I feel bad about the things I say about other people in my diary sometimes. I re-read a bunch of old ones from the last couple of years and even though nobody else has read them (except I think a roommate in college flipped through one once and now I carry the most current one around with me everywhere), I still feel bad that I’m always that angry with people.
I feel bad for anyone who had to interact with me throughout 2011 and during the period of January through August of 2015. If you knew me then, sorry.
I feel bad for my own body because I’m terrible with it. I have weird sleeping hours and have worn the same contact lenses for the last week. I’ve had “Call dentist” on my to-do list since October. I feel bad because I’ve lost weight since moving, but only because I keep forgetting to eat.

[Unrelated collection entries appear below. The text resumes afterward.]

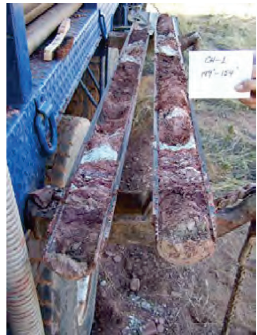
Photograph 8. Core sample at base of CH-1 (Chinle).
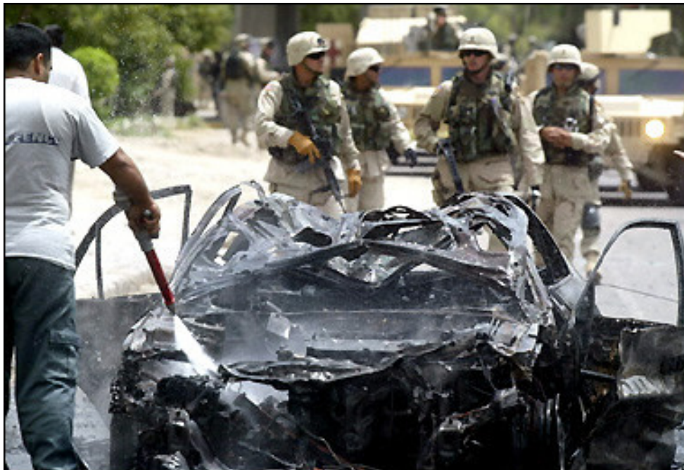
US soldiers following a car bomb on Kindi street, in a western Baghdad neighborhood.

REALLY BAD IDEA: NO MISSION; HOPELESS WAR
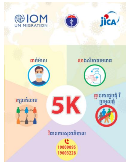
MOH’s propaganda posters on infection controls and health declarations are prepared in Lao and Khmer dialects to be used in border areas.

I feel bad that I have three very, very close friends in my life who I am actively terrible at keeping up with. None of them know each other, so I feel bad that they can’t even bond over how shitty of a friend I am. I feel bad that I am constantly apologizing to them for my behavior and I feel bad that they still haven’t left me over it.
I feel bad that I sometimes resent my female friends who only want to work until they get married. I feel bad that I even care that much. I feel bad that I secretly think I’m better than them because that isn’t what I want.
I feel bad that I feel so lucky that I’m young and that I should be valued because of it.
I feel bad because one time at the Coffee Bean on Weyburn, an old woman tripped over my backpack and spilled hot coffee on herself and I was so stunned that I had caused such a scene that I didn’t help her at all. Now I can’t go back to that Coffee Bean or even really smell the inside of a Coffee Bean without thinking about that old woman scalding herself with hot coffee as I stared at her. There’s a Coffee Bean right by my apartment in New York because it will forever haunt me.
I feel bad about moving 3,000 miles away from home so that I wouldn’t be held responsible for anything that happened there. I feel bad that when I moved back, so much had changed without me. I feel bad that I assumed the world stopped once I left.
I feel bad that I made a Nora Ephron reference in the excerpt of this article and I feel bad that I thought it was clever. Her essay is a lot better.
I feel bad because I have no self-control when it comes to people and eating. They are intrinsically related. I feel bad because I desperately want people to love me and pay attention to me, even if I don’t do either for them. I feel bad because sometimes people need space—and even I need space—but I am incapable of giving that to anyone, while still expecting it for myself. I feel bad because when I feel someone slipping away or feel like they don’t need me, I become a monster, and eat a lot of weird food. I feel bad because then I can never eat that food again because it reminds me of that person. I feel bad because I’ve ruined Cinnamon Toast Crunch for myself and it’s so fucking good.
I feel bad that I’m open about a lot of stuff on the internet, but sort of lie about the stuff I’m being open about. It’s confusing for the people who know me. Or, at least, it’s confusing for the people who know me to start treating me like the person I am on the internet. I feel bad for lying.
I feel bad about how I feel because I know it could be a lot worse. I mean, I’m from Connecticut. Everything, in the grand scheme of things, is probably fine. But I still feel bad.
I feel bad about writing this because it feels whiny and apparently personal essays are dead. I feel bad for thinking that people will read this anyway. But you shouldn’t feel bad for me.